The UK home secretary unveiled plans in Parliament on Jan. 26 for a new National Police Service (NPS), which is modeled on the FBI and will take over the fight against terrorism and organized crime in the UK.
The NPS would replace the National Crime Agency, which covers England and Wales, although it would also have a UK-wide role.
The document states that the government would invest 115 million pounds ($157 million) over the next three years “to enable the rapid and responsible adoption of [artificial intelligence] and automation technologies by the police.”
A new National Centre for AI in Policing, known as Police.AI, would be created.
The number of facial recognition camera vehicles would be increased from 10 to 50.
“A hundred years ago, fingerprinting was decried as curtailing our civil liberties, but today we could not imagine policing without it,” Mahmood said.
“I have no doubt that the same will prove true of facial recognition technology in the years to come.”

There is currently no dedicated statute governing police use of facial recognition in England and Wales.
Earlier in January, Eleanor “Nell” Watson, a leading researcher and adviser on AI ethics and transparency, criticized the increased deployment of surveillance technology.
Mahmood also announced plans to scrap the existing 43 police constabularies in England and Wales, which would be reorganized into a dozen regional forces.
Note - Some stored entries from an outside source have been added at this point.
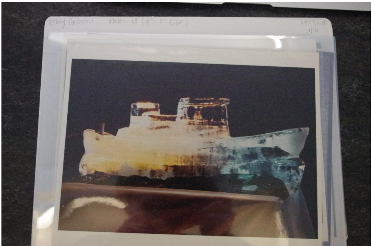
Ice sculpture of a tugboat capable of towing an Antarctic iceberg.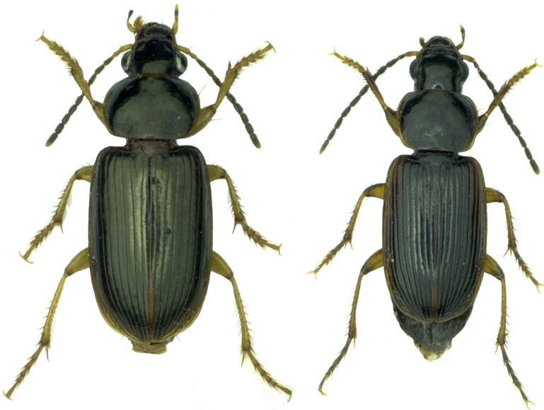
Fig. 1. Habitus of a male individual of S. marginatus (from Mendrisio TI, 12.VIII.2015, 5.4 mm), left, and of a male individual of S. mixtus (from Gy GE, 06.III.2015, 4.9 mm), right.

The first individual of S. marginatus was found under a clump of earth at the bottom of a furrow in a cornfield in southern Ticino. Following this discovery, the area was revisited two months later. Several other specimens were then found. All were under plant remains (grass cuttings) on bare soil (tractor trenches, mounds of earth) bordering cropland (Fig. 2). The substrate was slightly moist, while surrounding areas not covered by grass cuttings were dry.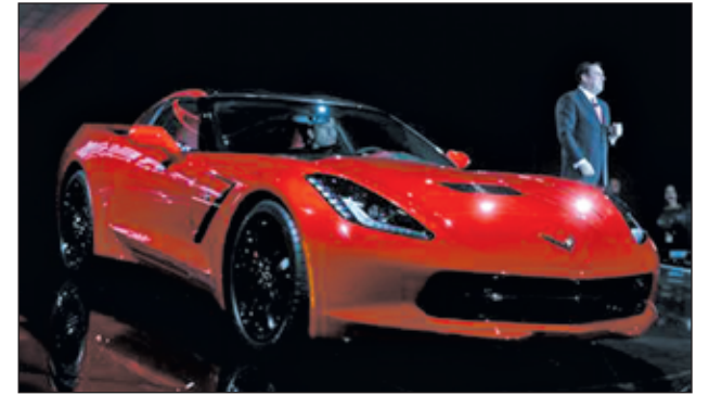
General Motors Corp President of North America Mark Reuss introduces the Chevrolet 2014 Corvette vehicle during a Press event in an old industrial centre in advance of Press preview days of the North American International Auto show in Detroit, Michigan on 13 Jan, 2013.

DETROIT, 15 Jan—The sale of the US Treasury's stake in General Motors and a possible credit rating upgrade of the US automaker in 2013 will help distance the company from the stigma of its 2009 bankruptcy restructuring.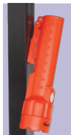
Hands-free magnet in clip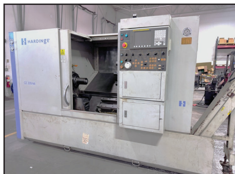
HARDINGE GS 200/66 TURNING CENTER

“Policing is not broken, as some might have us believe,” she told the House of Commons on Jan. 26. “Last year, the police made over three-quarters of a million arrests, 5 percent more than the year before.”
‘Epidemic of Everyday Crime’
“However, across the country, things feel very different,” Mahmood said. “Communities are facing an epidemic of everyday crime that all too often seems to go unpunished, and criminals know it. Theft has risen by 72 percent since 2010, phone theft is up 58 percent.”The current 43 police forces in England and Wales were set up in 1974, but Mahmood said the world has changed dramatically.
“Criminals are operating online and across borders with greater sophistication than ever before, be they drug smugglers, people traffickers or child sexual abusers,” Mahmood said.
“The world has changed dramatically since policing was last fundamentally reformed over 50 years ago. Policing remains the last great unreformed public service.”
There were plans to merge police forces 20 years ago, but the idea was dropped by the Labour government of then-Prime Minister Tony Blair.
Labour won a general election in the UK last year, and Mahmood was installed as home secretary, tasked with sorting out the UK’s police and prisons.
Criticism of ‘Mega-Forces’
The opposition Conservative Party’s shadow home secretary, Chris Philp, criticized the plan to reduce the number of police forces from 43 to 12 and said it would create forces that would be too big.“Such huge forces will be remote from the communities they serve,“ Philp said. ”Resources will be drawn away from villages and towns towards large cities.”
He noted that the Metropolitan Police, the UK’s largest police force, had the worst crime-solving rates.
“That goes to show that large scale does not automatically deliver better results, and therefore we will oppose the mandated merger of county forces into remote regional mega-forces,” Philp said.
Member of Parliament Pete Wishart, of the Scottish National Party, said: “Over the weekend, the home Secretary was trailing this proposal as a British FBI.
“While it might indeed be their FBI, British it most definitely is not, as it applies only to England and Wales.”
“In Scotland, we are immensely proud of our culture and ethos of policing by consent and the fact that we have the lowest crime rates in the whole of the UK,” Wishart said. “The last thing we want is this creeping Americanization.”
He demanded to know what powers the NPS would have in Scotland.
Mahmood said NPS would cover the whole of the UK.
“In England and Wales, it will have full operational powers and will be able to carry out its law enforcement activities,” she said.
“But in Scotland and Northern Ireland, it will carry out operations only with the agreement of the legally designated authority.”